• YOUR ASSIGNMENT
Retype, exactly and completely, the listing that comes next, skipping its images.

• DATASET CONTENT
########

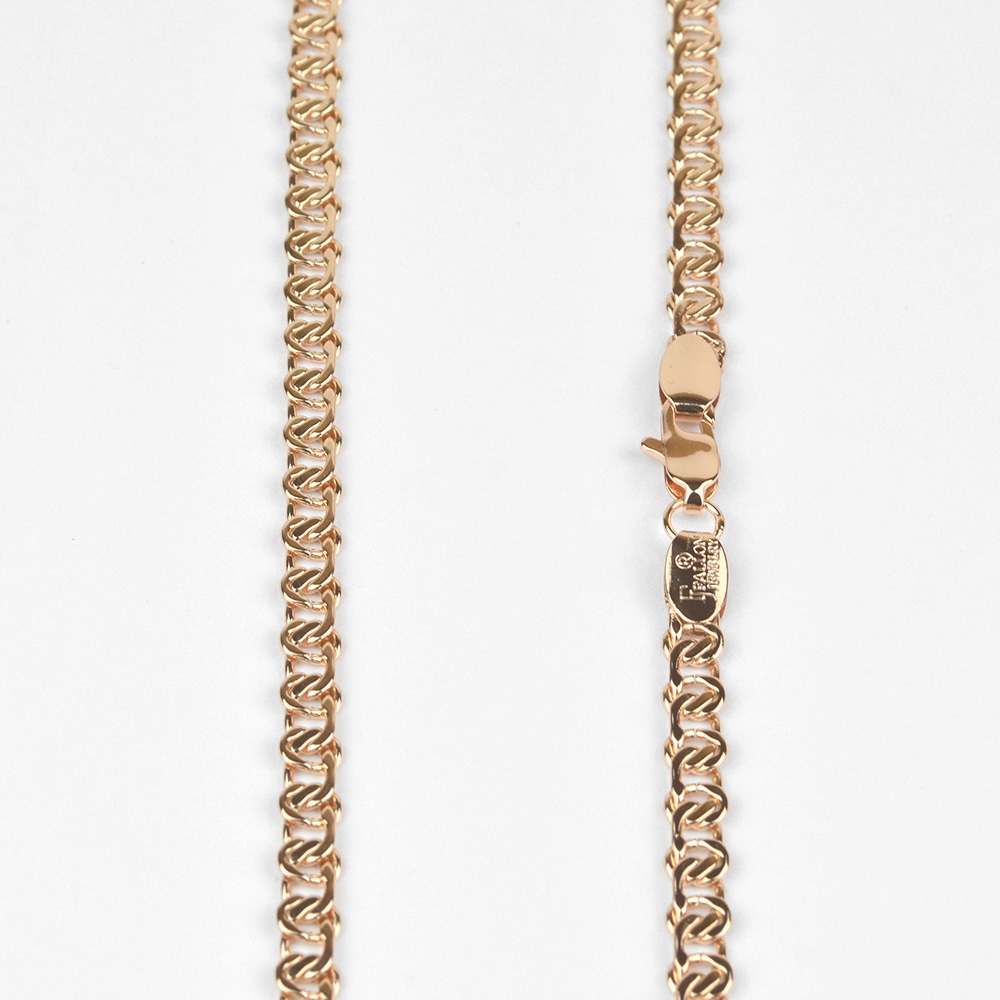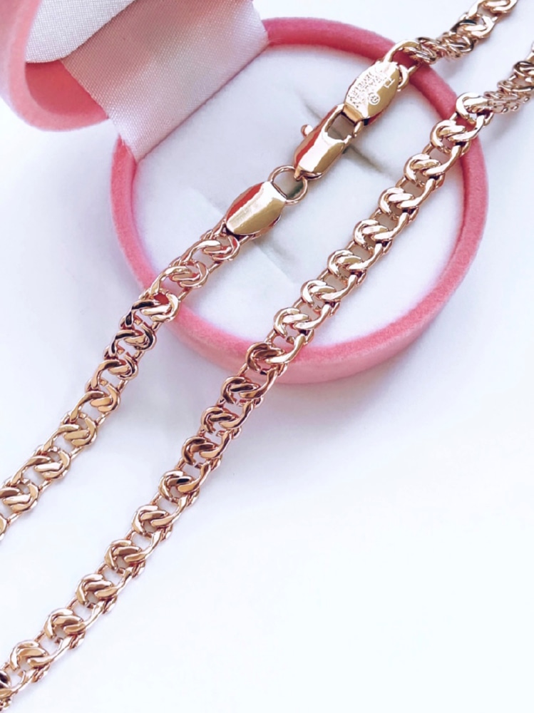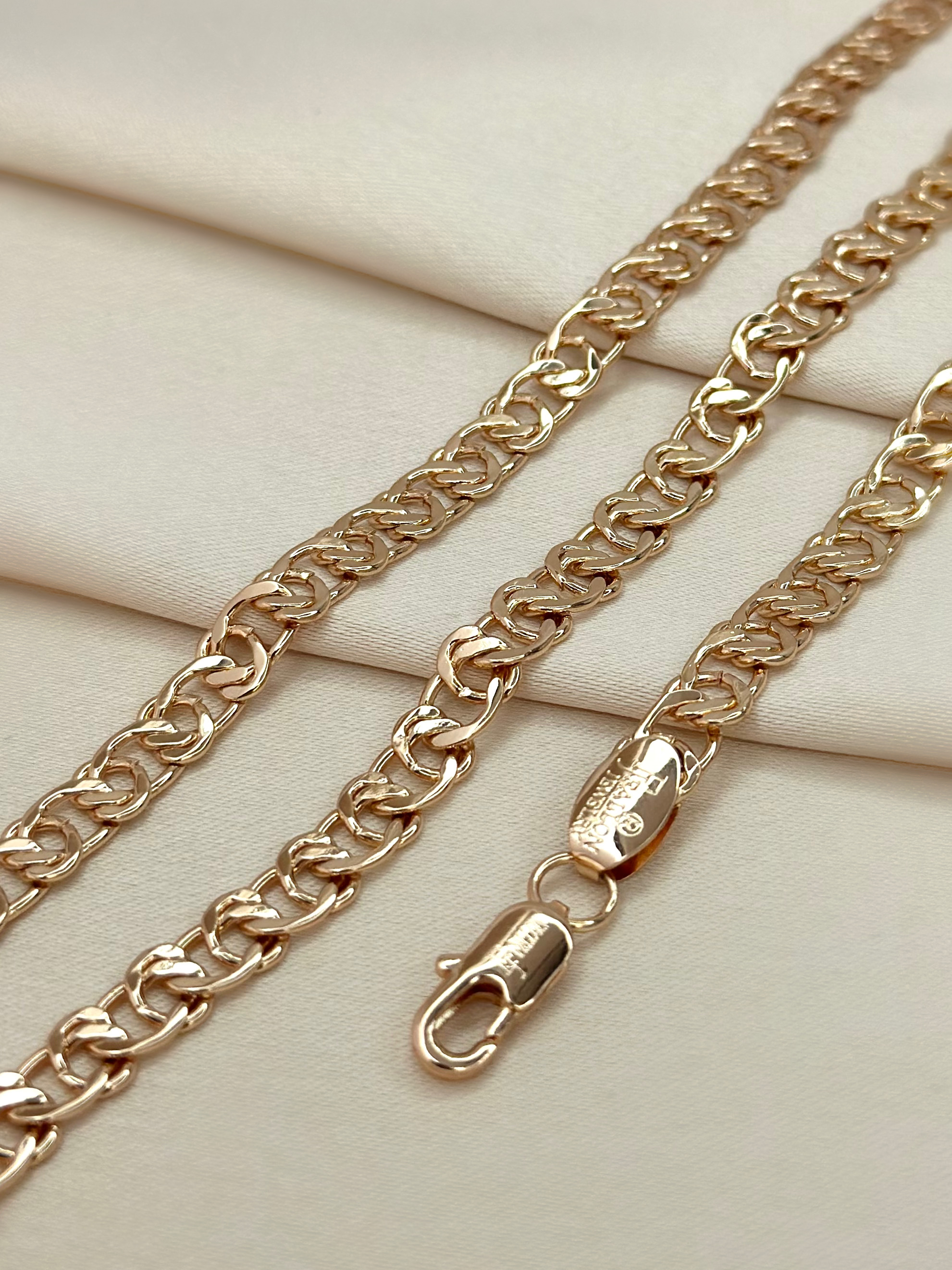 Объёмная цепь всегда притягивает заинтересованные взгляды окружающих к своей обладательнице. Ажурное плетение выглядит элегантно и может внести яркий акцент даже в самый сдержанный повседневный образ. Этот стильный аксессуар станет одним из любимых в вашей коллекции украшений.
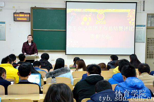 本次会议由学生会副主席朱景鉥主持。会议伊始,学生会、记者团的各部门部长依次上台,通过ppt展示等形式对本学期工作进行总结,并对下一学期的工作计划进行报告。学生会部长们总结内容主要包括各类活动的宣传、开展、收尾状况,干事们在组织活动中的参与程度以及在下学期将举办有关体育创新的活动。记者团各部长则是针对学院本学期的宣传工作进行总结,其中包括学院官网以及学校各大网站新闻稿的发布情况、学院运营的微信公共平台的关注量以及对干事的培养。随后,学生会主席刘强、记者团团长刘文娜在部长汇报的基础上总结了本学期Beat365官方网站在活动举办以及活动、赛事宣传方面所取得的成果,并提出干事们应该积极参与组织活动、做好自己的本职工作的要求。范泽斌分别对学生会、记者团的优秀学生干事进行了表彰,以资鼓励。
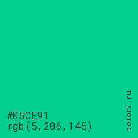 Цвет #05CE91 в цветовой модели RGB обозначается тремя октетами (5, 206, 145) в десятичном формате и #05CE91 в шестнадцатиричном (hex) формате, которые являются интенсивностью красного 5 (hex 05), интенсивность зелёного 206 (hex CE) и интенсивность синего 145 (hex 91).
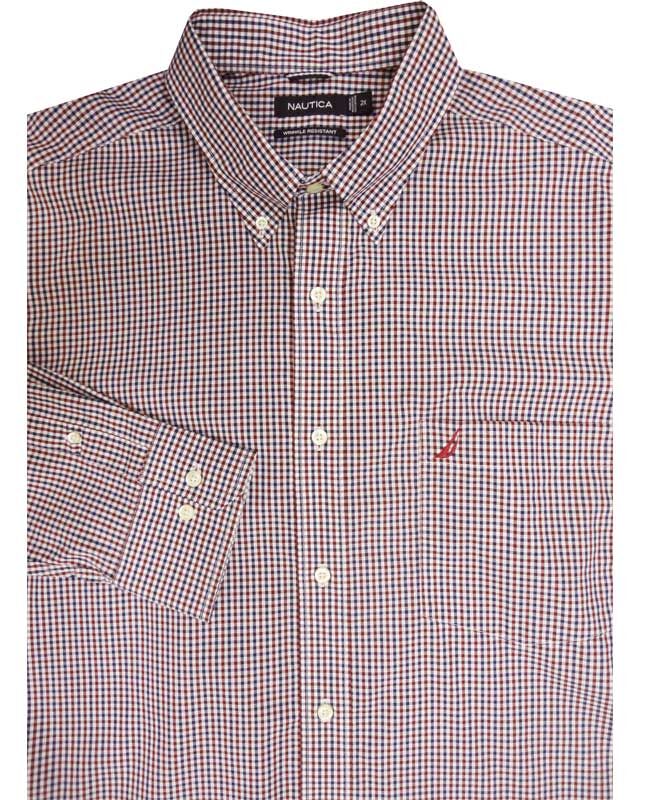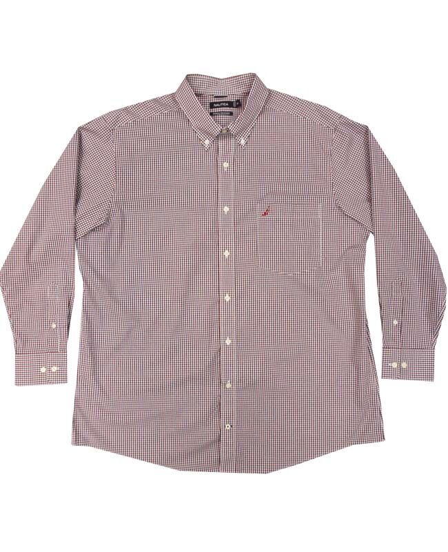 Nautica ginham long sleeve button up shirt with button down collar and single chest pocket. Made of 100% Cotton.

########

• ANSWER FOR THIS EXERCISE
 Объёмная цепь всегда притягивает заинтересованные взгляды окружающих к своей обладательнице. Ажурное плетение выглядит элегантно и может внести яркий акцент даже в самый сдержанный повседневный образ. Этот стильный аксессуар станет одним из любимых в вашей коллекции украшений.
 本次会议由学生会副主席朱景鉥主持。会议伊始,学生会、记者团的各部门部长依次上台,通过ppt展示等形式对本学期工作进行总结,并对下一学期的工作计划进行报告。学生会部长们总结内容主要包括各类活动的宣传、开展、收尾状况,干事们在组织活动中的参与程度以及在下学期将举办有关体育创新的活动。记者团各部长则是针对学院本学期的宣传工作进行总结,其中包括学院官网以及学校各大网站新闻稿的发布情况、学院运营的微信公共平台的关注量以及对干事的培养。随后,学生会主席刘强、记者团团长刘文娜在部长汇报的基础上总结了本学期Beat365官方网站在活动举办以及活动、赛事宣传方面所取得的成果,并提出干事们应该积极参与组织活动、做好自己的本职工作的要求。范泽斌分别对学生会、记者团的优秀学生干事进行了表彰,以资鼓励。
 Цвет #05CE91 в цветовой модели RGB обозначается тремя октетами (5, 206, 145) в десятичном формате и #05CE91 в шестнадцатиричном (hex) формате, которые являются интенсивностью красного 5 (hex 05), интенсивность зелёного 206 (hex CE) и интенсивность синего 145 (hex 91).
 Nautica ginham long sleeve button up shirt with button down collar and single chest pocket. Made of 100% Cotton.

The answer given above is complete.